January 13th, 2007
Posted By: Cindy Bodie
Categories: Adoptive Families


If I let them, my 39 kids would try to drive me nuts, but I don’t let them do so. I go outside.

“Where’s Mom?” they always ask only to hear the stock reply, “Outside.”

I don’t know why they bother to ask.

When my older kids come over and the weather is nice, they don’t even go in the house, knowing they might as well go around the house to find me sooner

Today, mid-January, 70 degrees and my daffodils are blooming two weeks early. Gardening is in my blood, it’s my therapy, it’s my antidote for being over-run, and often poisoned, by the raging children who take all their negative emotions out on me.

It’s not my fault that they ended up in the foster care system and that they now have, at the very least, trust issues. But it is safe for them to unload it all on me, knowing on some level, that I’m not going to reject them. They know I won’t simply because I haven’t. Period. It took awhile to build up to this, but it’s there now.

To me it is often tiresome, but very necessary. Sometimes my blood pressure boils at the unfairness of it all towards me so I go outside and kick over a weed bucket, push the wheelbarrow to kingdom come, or I weed my fury away.

The garden has taught me patience, I can plant a seed but it takes a couple of months to bear fruit…my kids take years.

I have to nurture my garden or it won’t grow, an obvious ditto for the kids as well.

Sometimes I’ll blast my ipod in my ears and all I can then see are kids with their mouths open and flapping at me. I just smile and act like I get it.

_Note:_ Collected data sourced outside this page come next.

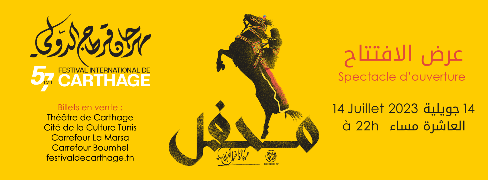 Une centaine d’artistes se déploient sur la scène du Théâtre romain de Carthage avec le nouveau spectacle musical de Fadhel Jaziri, en ouverture du 57e Festival International de Carthage, le vendredi 14 juillet 2023.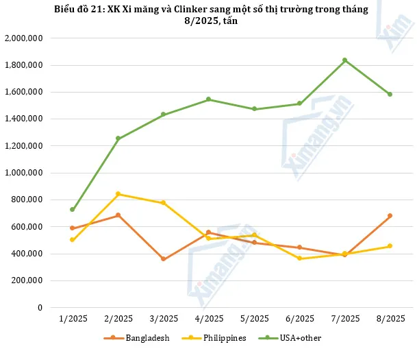 Giá xuất khẩu trung bình xi măng, clinker của Việt Nam 8 tháng qua khoảng 38,6 USD/tấn. Giá trị xuất khẩu trong tháng 8 gần 122 triệu USD, 8 tháng đầu năm thu về hơn 872 triệu USD. Bangladesh, Philippines vẫn là 2 thị trường xuất khẩu xi măng, clinker truyền thống của Việt Nam khi dẫn đầu về cả lượng và kim ngạch xuất khẩu.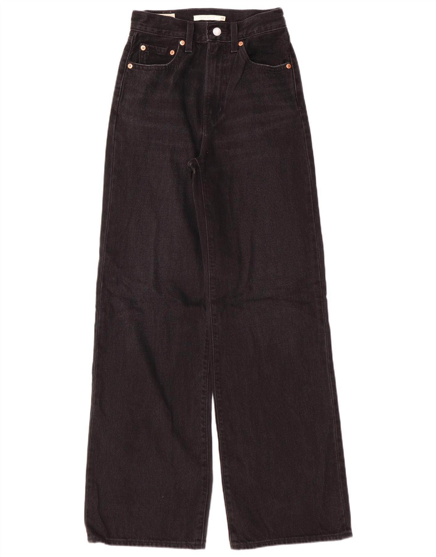 Levi's kvinders højtaljede brede ben jeans W24 L32 sort bomuld Classic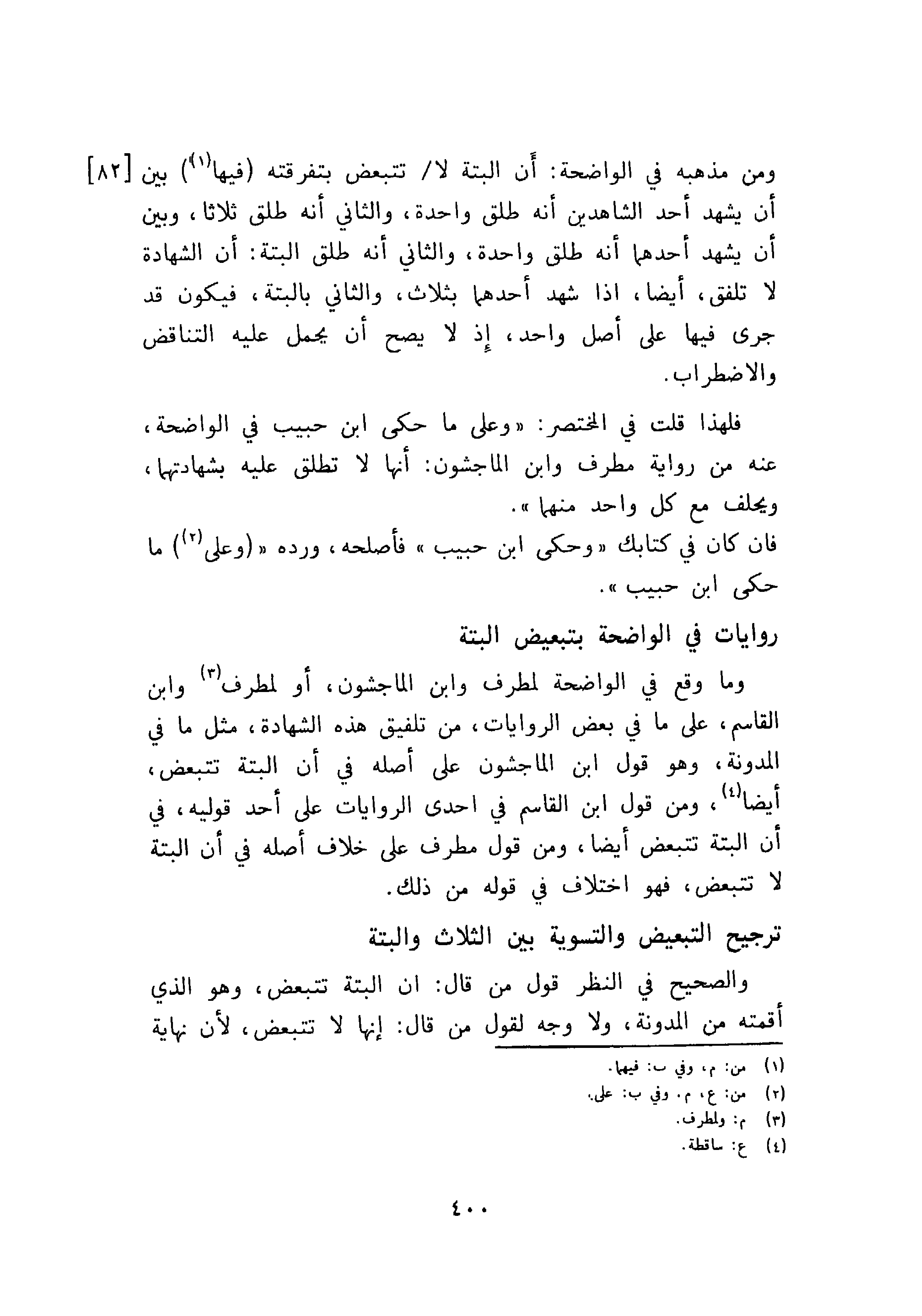 وما وقع في الواضحة لمطرف وابن الماجشون، او المطرف وابن القاسم، على ما في بعض الروايات، من تلفيق هذه الشهادة، مثل ما في المدونة، وهو قول ابن الماجشون على أصله في أن البتة تتبعض، أيضا، ومن قول ابن القاسم في احدى الروايات على أحد قوليه، في أن البتة تتبعض أيضا، ومن قول مطرف على خلاف أصله في أن البتة لا تتبعض، فهو اختلاف في قوله من ذلك.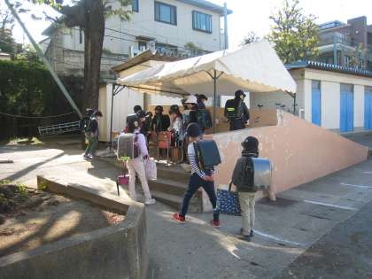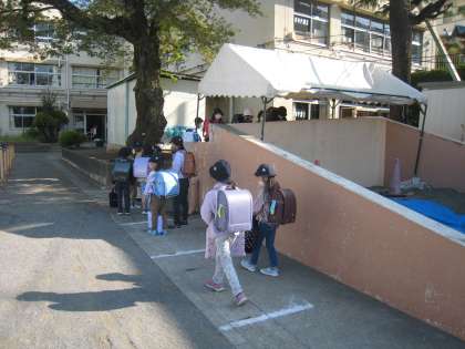4月8日、PTA役員2名の方が、あいさつ週間(4/6〜4/10)の取組のため正門で子どもたちに声かけをしています。登校後、子どもたちは手洗いをしてから校舎内へ入ります。2〜6年生は習慣になっているので、流しの前に並び、すみやかに手洗いできます。1年生は慣れていないので、まだ動きがぎこちないですが、上級生が優しくアドバイスしてくれたり、教職員に手助けしてもらいながら手洗いしています。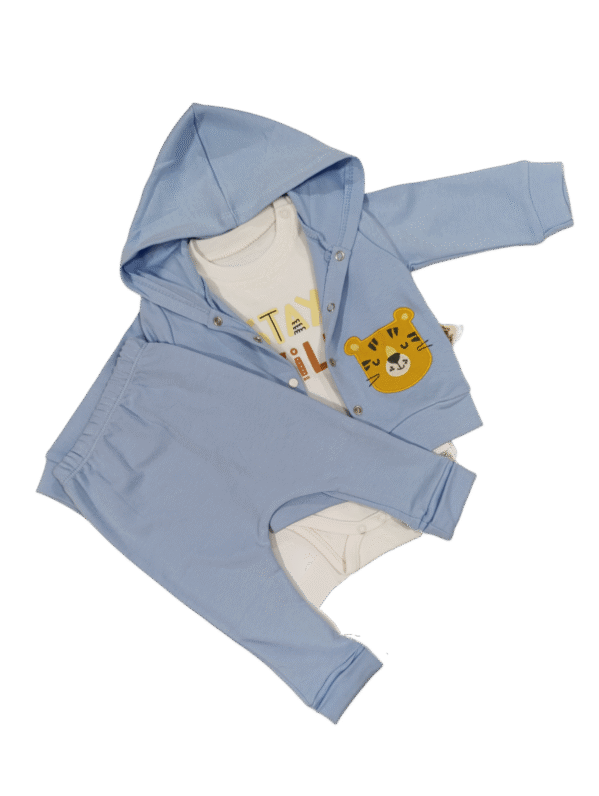 Setul pentru copii prezentat este realizat din bumbac 100% de cea mai bună calitate, produs cu atenție în Turcia pentru a oferi confort maxim și siguranță celor mici. Setul conține o bluză crem cu mânecă lungă, cu imprimeu adorabil de ursuleț și detalii cu mesaje “great gift for you”, având o mânecă decorată cu dungi la modă, care oferă un aspect vesel și modern. Pantalonii asortați completează perfect ținuta, fiind comozi și ideali pentru orice activitate zilnică, grădiniță sau joacă. Acest set este potrivit pentru sezonul rece, fiind o alegere inspirată pentru copii energici și încrezători.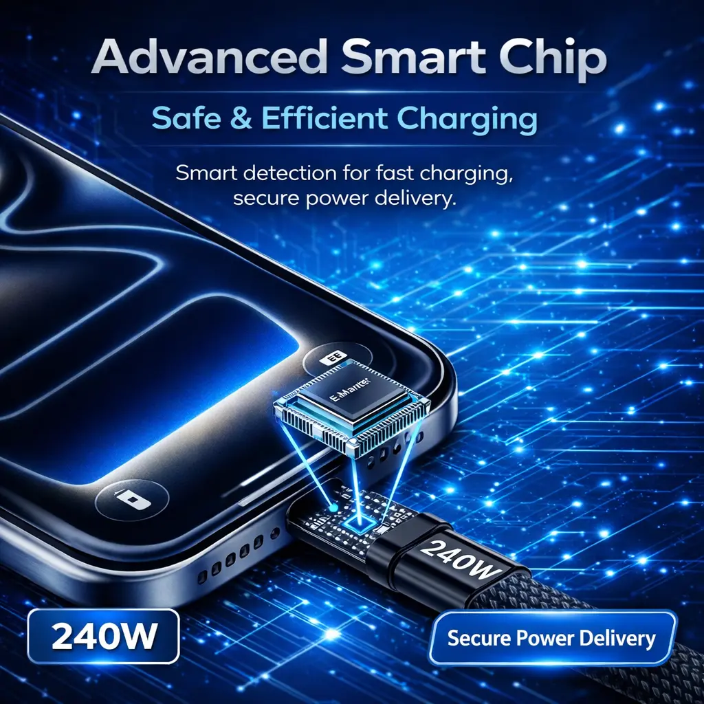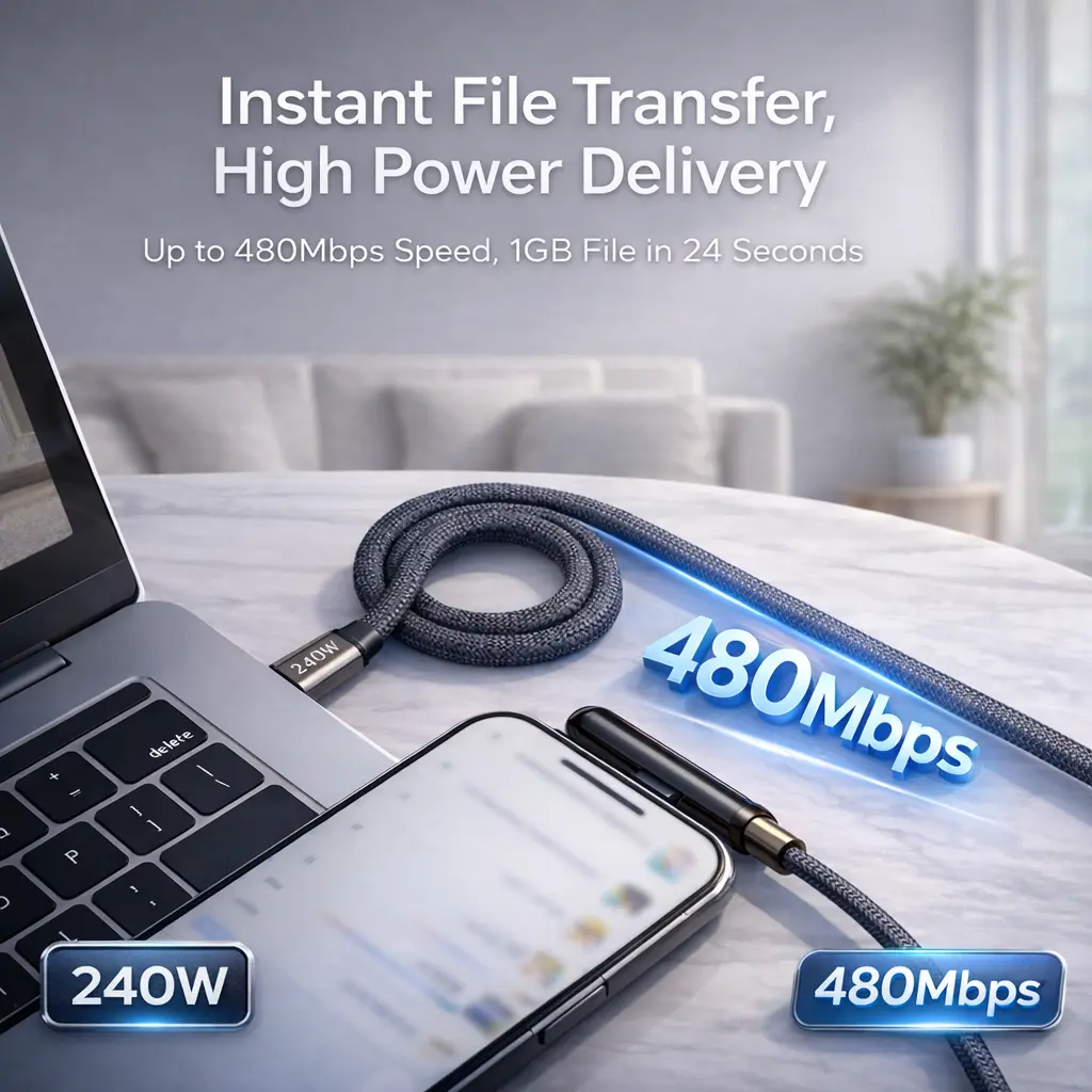·【240W PD 3.1 Fast Charging for USB-C Devices】 Supports up to 240W max output to deliver fast and stable charging for smartphones, tablets, and compatible USB-C laptops when used with a supported USB-C power adapter.
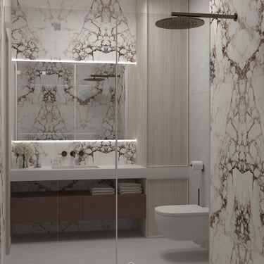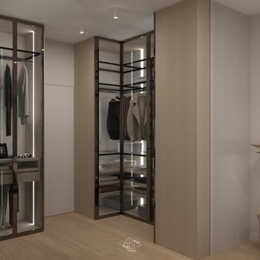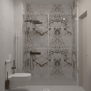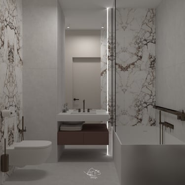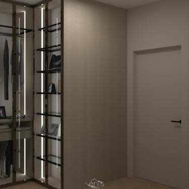 Dressingul walk-in devine o piesă centrală a proiectului, realizat cu structuri elegante metalice, vitrine transparente și compartimentări funcționale, oferind un mix perfect între estetic și practic. Băile continuă limbajul premium prin utilizarea pietrei cu texturi puternice, profile metalice fine și detalii personalizate care ridică întregul ansamblu la un nivel superior.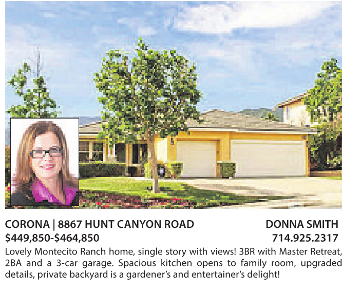 $449,850-$464,850 714.925.2317 Lovely Montecito Ranch home, single story with views! 3BR with Master Retreat, 2BA and a 3-car garage. Spacious kitchen opens to family room, upgraded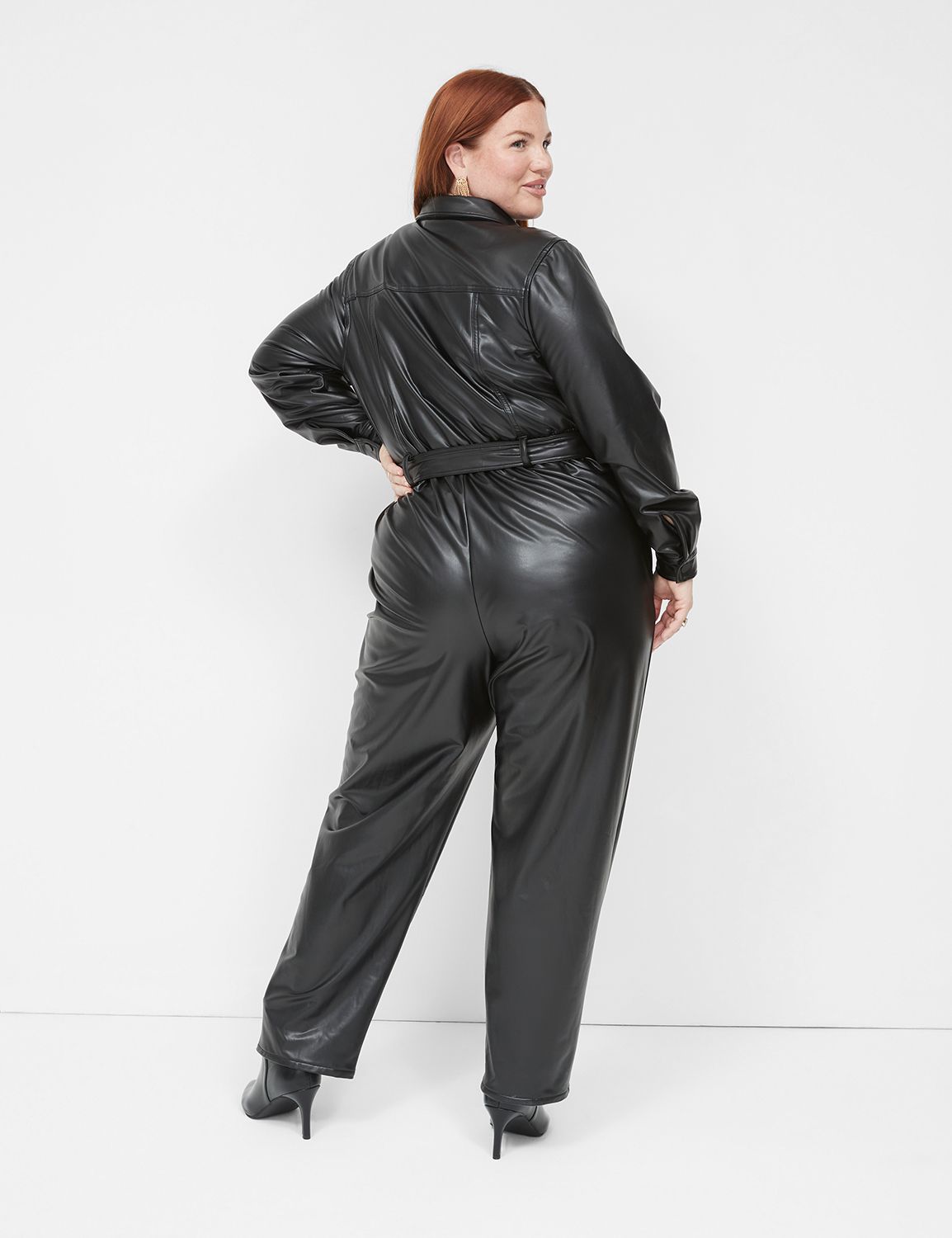 Faux Leather Jumpsuit in Black Very well made.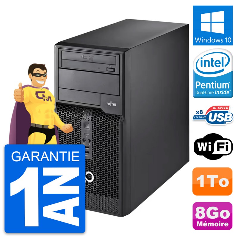 PC Tour Fujitsu Esprimo P510 MT - Intel Pentium Dual-Core G2020 2.9 Ghz (3 Mo) - 8 Go DDR3 - Disque Dur 3,5" 1 To - Graveur DVD - Clef Wifi USB - Windows 10 - Garantie 1 an.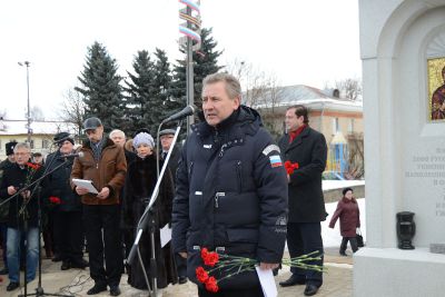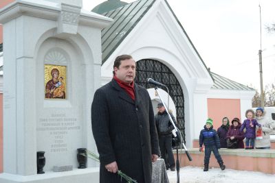Дорогие друзья! Открытие памятного знака – это деятельность ваших современников. Деятельность людей, которые подошли к этому вопросу неравнодушно, и, конечно, мы должны вспомнить и назвать людей, которые внесли больший вклад в это дело. Я бы хотел отметить известного писателя-публициста Юрия Бондаренко – инициатора и основного собирателя знаний об этом факте. И, конечно, мы должны поблагодарить скульптора Салавата Щербакова. Давайте вспомним наших погибших собратьев и будем помнить об этом так, чтобы мы могли передать и нашим детям память о святых подвигах наших предков».

Today I worked in one of the front gardens, weeding around the rest of the daffodils that have pushed up and are budding in front of me, I yanked out honeysuckle that dominates everything, and I wrassled with ivy. Wrassle is a word, that’s what we do in the South.

The daphne and the red buds are blooming, the camellias are in their full glory, and a dozen or so of my hens clucked all their news at me that I couldn’t hear anyway due to my ipod.

But, as usual, I kept my good mood, using my gardens for therapy, so that I can continue to face the cantankerous emotional demands of my children who are still angry at what all has been done to them over the years.

I do relish the challenges involved in raising my family but I also need just a little bit of down time myself to regroup and get my own game face on, I’m only halfway done raising my children.